I have this tendency to open my mouth at the wrong times when something that I think is funny pops into my head. I've done it as long as I can remember and continue to do it. Sometimes I take it to another level while at work incorporating email. Usually it revolves around not being a slob and putting your dishes away, refilling the coffee pots. not replying to everyone for a one-on-one conversation or the basic busting of someone's chops. For the most part everyone laughs, which is why I continue to do it, but from time to time I take it to next level and someone's feelings get hurt. That is where we start with the Cookiegate saga.
It started when I was heating up some food and noticed a Ziploc bag of cookies sitting atop the microwave. People always bring goodies into the office to share. We are like vultures and they don't last long. When I saw the bag of cookies I noticed they were a shade darker than what you'd expect from a chocolate chip cookie. The wheels were spinning...I hustled back to my desk, popped open a new email, addressed it to CPT (the corporate distribution list for Lake Oswego- approx 60-70 people) and that was my first mistake. I thought twice before typing. "F it" was my third thought and away I typed. Here is what I wrote with the subject line "Holiday Cookies":
- I know it’s the thought that counts, but if you are going to bring cookies into the office and leave them in the kitchen don’t bring the batch you burned/overcooked. That’s just wrong.
My second mistake was actually sending the email out to everyone. Damn!!!! I never think about the consequences. Here is a sampling of the replies I received over the course of the ensuing five minutes. Guess which ones came from boys and which from girls:
- Leave it to you to incite a cookie issue…
- Fill me in....were they just brown?
- I'm laughing
- I saved this email because it’s definitely among your finest work
- You're such an ass.... :)
- Seriously Aaron, this may be a new low for you. (I set this person straight. It wasn't a new low)
- Rude(.) Just don’t eat them. Your choice.
- Maybe the(y) honestly tried to make a good batch? Maybe they like burned cookies?
Give up...the first four were from the boys and the last four from the girls. Immediately I sent out this email that only contained the subject line:
- I'm an ass****
That one opened up Pandora's box and eased the obvious tension at the same time. Hindsight is 20/20, right? I wish I had more of it. The cookies really weren't that bad and my original email brought attention them. They were gone in ten minutes.
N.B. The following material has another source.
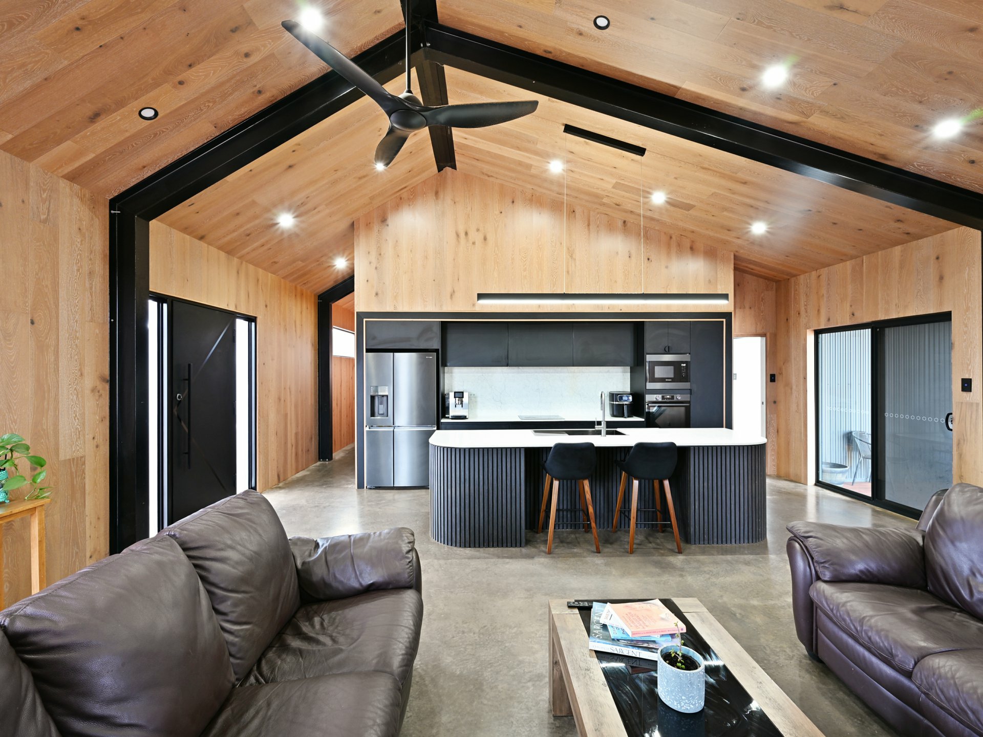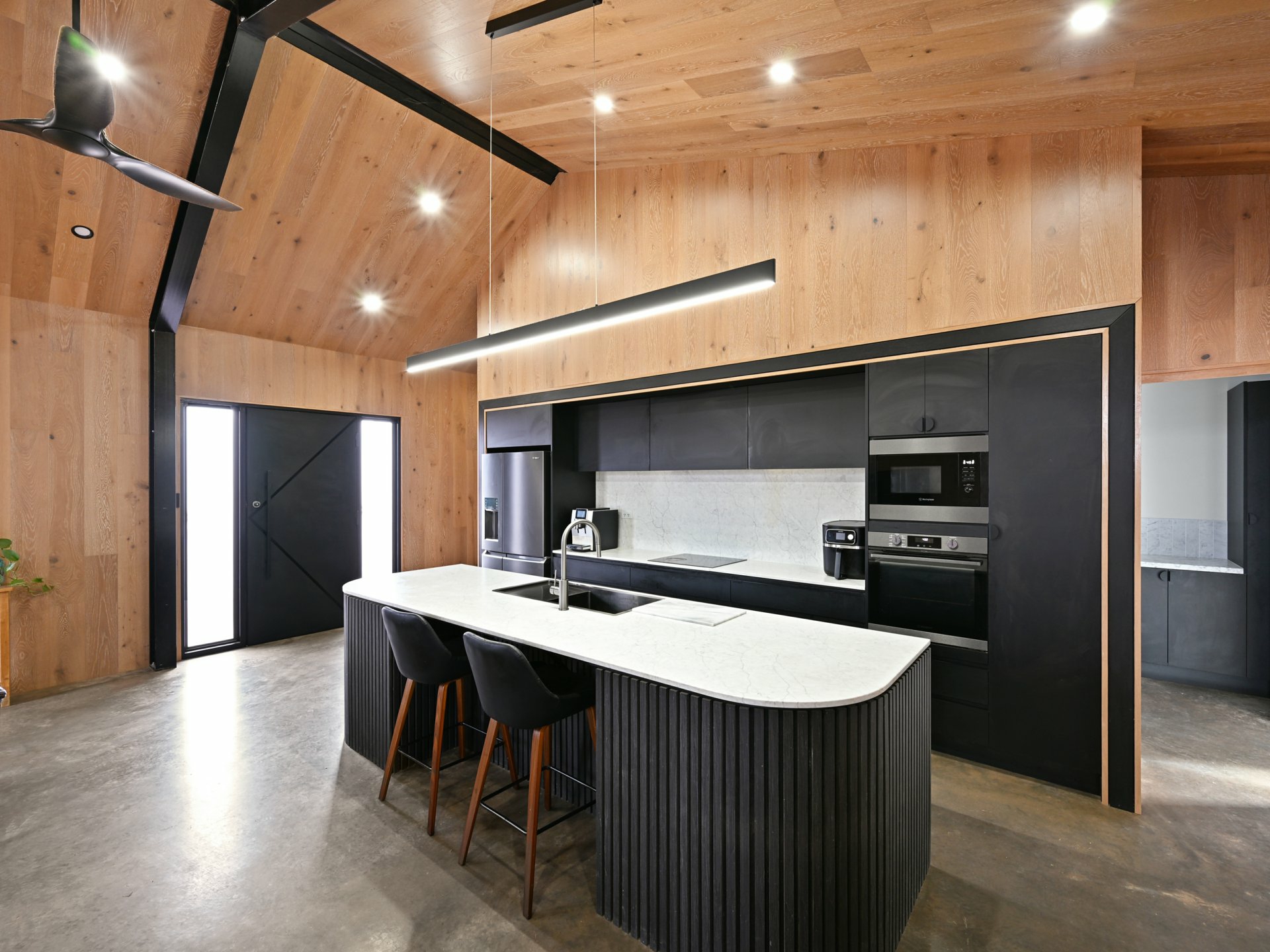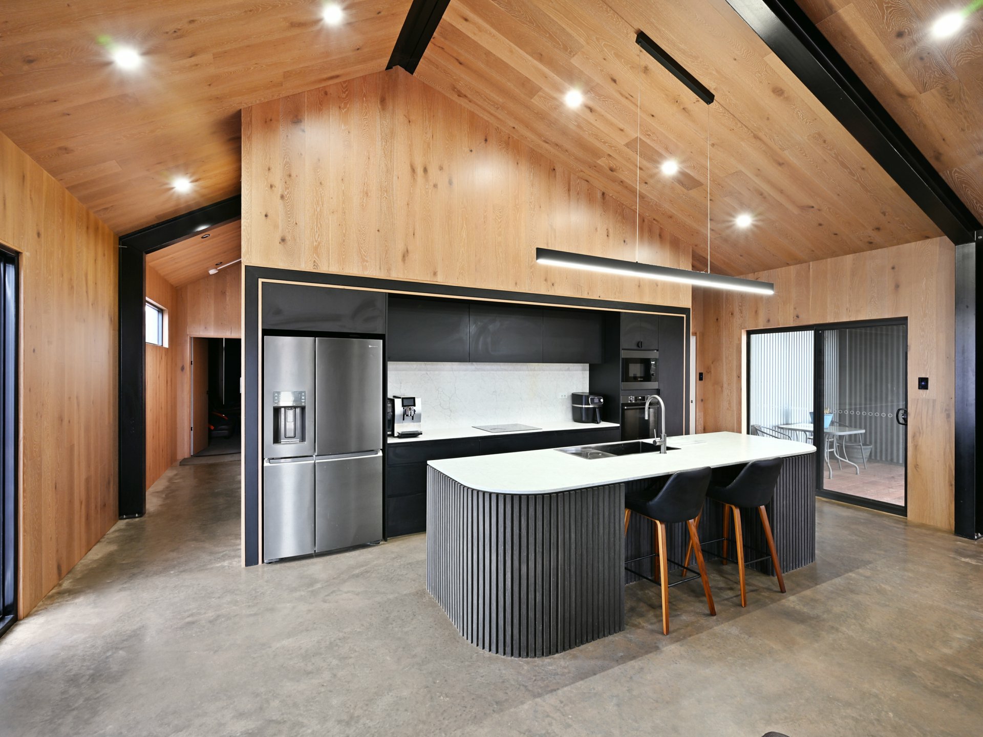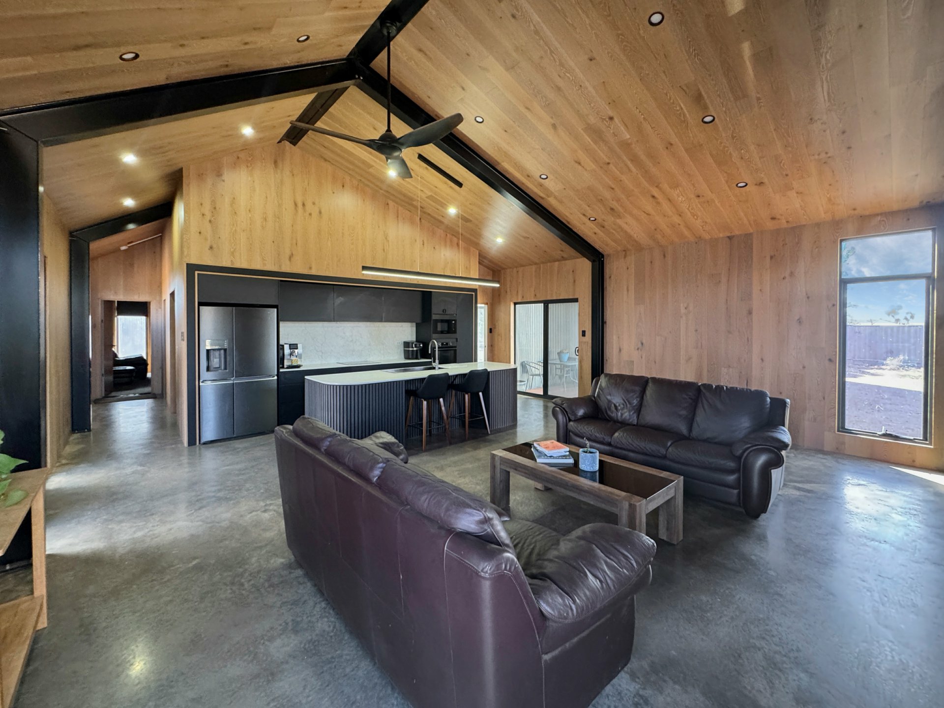 A striking open-plan design creates the perfect environment for modern family living, enhanced by soaring ceilings and expansive polished concrete floors. At the heart of the home, the designer kitchen balances form and function—featuring sleek marble benchtops and splashback, integrated dishwasher, pull-out pantry, statement feature lighting that elevates both style and practicality. A bold black timber surround defines the kitchen zone, offering a stunning visual contrast to the warm hardwood and creates strong, design forward statement.

They way I saw it was like you are getting ready to make a trip to Goodwill. You rummage through your closet and drawers to see what you can put together for those who are less fortunate. It's no different than going out of your way to make an batch of cookies for the office. You throw a few sheets in the oven and they turn out great. Then the 3rd batch gets a little over-cooked. Guess who is getting those? That's right, Sally and John in the cubes down the hall. Now you've finished your rummaging and all you come up with to give Goodwill is...your old underwear.
You are doing something good, but are you really doing something good by giving away your old drawers. That's my two cents.
I'm sorry feelings were hurt. I spoke to the burnt, batch baker (alliteration is fun) and apologized. I have been reprimanded and my leash is extremely tight (I'm not sure I can use the "I'm family so I'll be never fired" excuse much longer). TBD.